Some of those we talked with are increasingly reliant on the Internet or catalogs for retail shopping, with goods delivered directly to them. Remote shopping avoids the need for a road trip. And, until a movie theater locates downtown, many of the residents there are renting videos or DVDs to watch on their own screens, but virtually all of them are waiting with high hopes for the promised theater.

Again, cost is the overriding factor. The cinema group Carmike has shown interest in establishing a cineplex downtown, if the city or county will build it for them to occupy and will guarantee parking. That project is tied up for the moment with plans to incorporate it into a transit center, so as to gain a substantial federal grant, but those wheels move slowly.

Dan Hugh, an Alcoa executive, has been waiting for a cinema since 1990, when he and his wife, Nancy, moved into a Kendrick Place townhouse on relocating to Knoxville from a Pittsburgh suburb.

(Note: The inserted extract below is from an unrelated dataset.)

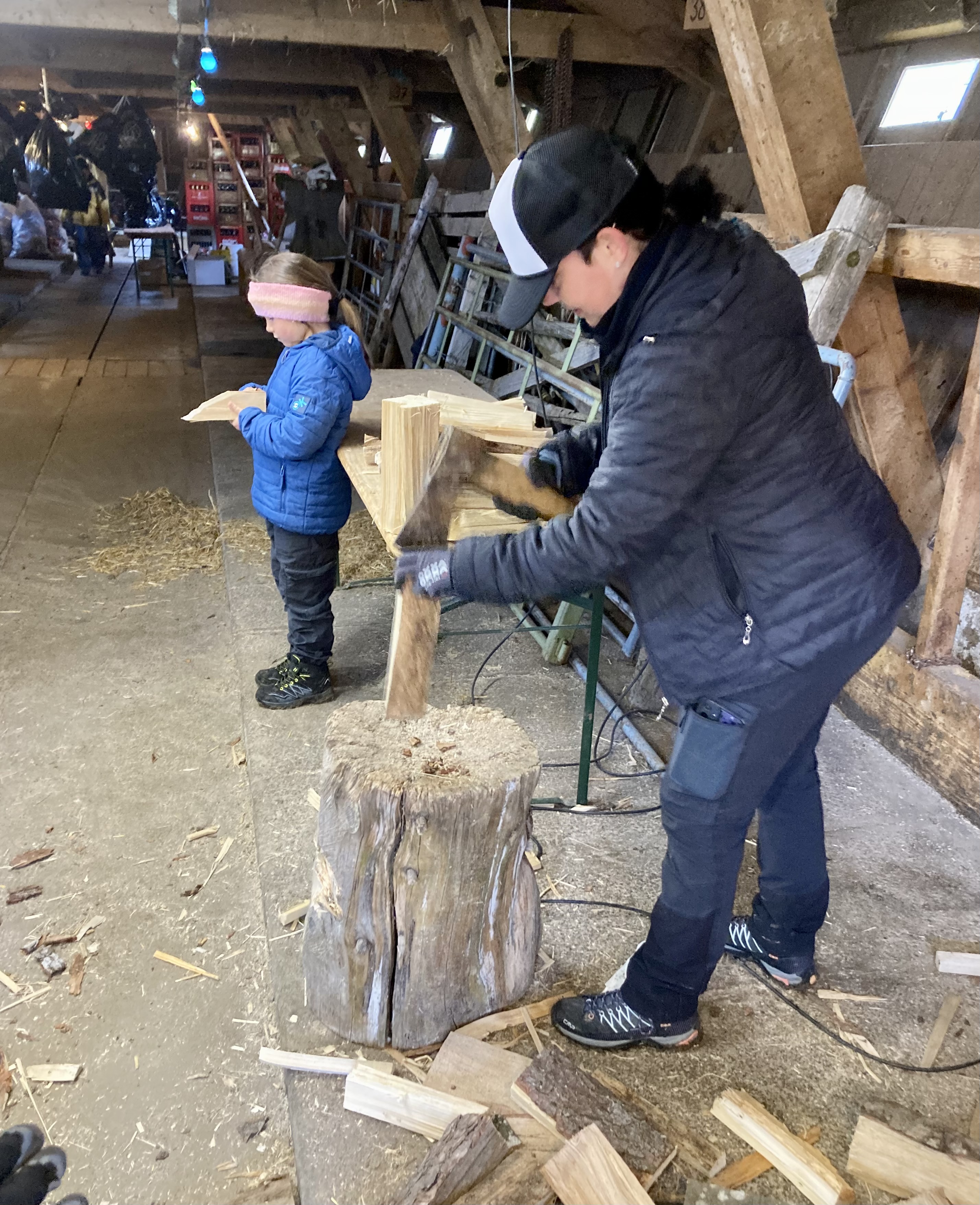 Was sah der Chronist noch? Föns an der Spaltmaschine konnte sich locker eine Kaffeepause leisten, weil sofort ein anderer an der Maschine stand. Sage und schreibe auf drei Schittertötzen wurde kräftig gehackt und die Späne flogen nur so durch den Stall. Vorab war aber der Säger Gonzo im Element, immer noch mit prächtigem Winterbart im Gesicht, und zerkleinerte die grossen langen Schitter auf „Hackbreite“, selbstverständlich mit seinen Assistenten „Holzreicher“ und „Holzwegnehmer“. Sogar eine Dame wagte sich an den Schittertotz. Wir verneigen uns.

The Hughs said they like having more than a dozen restaurants, the YMCA and YWCA, their bank, the courthouse, city hall, the art museum, the history museum, the library, the waterfront, and the World's Fair Park all within easy walking distance of their front door.

A movie theater and more shopping would be nice for them, and they are hoping, but, as Dan Hugh, who is 67, said, "The thing that appeals to me most about downtown living is that the age demographic is more diverse than in most neighborhoods in the suburbs, and particularly communities like Tellico Village [a development along Tellico Lake that appeals to retirement-age folk]. I like being able to socialize with young people as well as people my own age.... The conversations are a little more stimulating than constantly conversing about aches, pains and major health problems."

Hugo Arceo and Autumn Whelan are a young couple who live downtown and work in the suburbs, a sort of reverse of the situation that is still prevalent here. Arceo said the downtown setting "allows more freedom and flexibility for unique and individual lifestyles." The greatest appeal, he said, "is in its spontaneity and choice. Whether we decide on a whim to not cook and enjoy dinner at one of the many restaurants...or have a nightcap after work, the options are there and available."

Every single person interviewed, all of whom were asked whether they would pick downtown living if they moved elsewhere, said yes, usually emphatically. Arceo also said yes but with the caveat, "not if we lived in New York or California."

That's not a caveat of Robert Loest. He is a confirmed downtowner no matter where he lives, including Manhattan. He and Judy have a getaway home in Florida, an old Victorian house in downtown St. Augustine.

The way Loest sees it, it's natural. "There is a sense of community that simply doesn't exist in the culturally atomized and demographically sanitized and segregated environment of the 'burbs," he said. So, tell us how you really feel, Robert.

"People are herd animals, like dogs, horses, birds, or bees. They need other people. Urban environments are the expression of that need," he said, "and the soul of a community.... What I like most about the downtown is the kinds of people who decide to live there."

It's Loest's kind of herd, and he's not alone in picking it. The trend that's settling in gives every indication that the herd will be growing as long as there are redevelopable, gentrifiable buildings downtown that lend themselves to expanding that urban "soul."